**Your assignment**
In the records that follow, the lines from the one containing "4.5큰술 ▲만드는 법" to the one containing "イン・アウトどちらでも楽しめる大人のシャーリングスカート", inclusive, are to be given again exactly.

**Given records**
◇ ◇ ◇ ◇ ◇ ◇ ◇

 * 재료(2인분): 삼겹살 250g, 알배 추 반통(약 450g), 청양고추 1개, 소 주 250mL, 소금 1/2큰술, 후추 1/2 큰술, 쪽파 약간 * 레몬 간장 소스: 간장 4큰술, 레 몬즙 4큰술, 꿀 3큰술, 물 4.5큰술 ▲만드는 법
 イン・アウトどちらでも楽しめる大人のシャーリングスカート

◇ ◇ ◇ ◇ ◇ ◇ ◇

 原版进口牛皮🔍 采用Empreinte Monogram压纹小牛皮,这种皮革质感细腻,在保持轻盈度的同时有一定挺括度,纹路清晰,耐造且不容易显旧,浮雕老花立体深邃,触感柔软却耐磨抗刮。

◇ ◇ ◇ ◇ ◇ ◇ ◇

**Response to the exercise**
 * 재료(2인분): 삼겹살 250g, 알배 추 반통(약 450g), 청양고추 1개, 소 주 250mL, 소금 1/2큰술, 후추 1/2 큰술, 쪽파 약간 * 레몬 간장 소스: 간장 4큰술, 레 몬즙 4큰술, 꿀 3큰술, 물 4.5큰술 ▲만드는 법
 イン・アウトどちらでも楽しめる大人のシャーリングスカート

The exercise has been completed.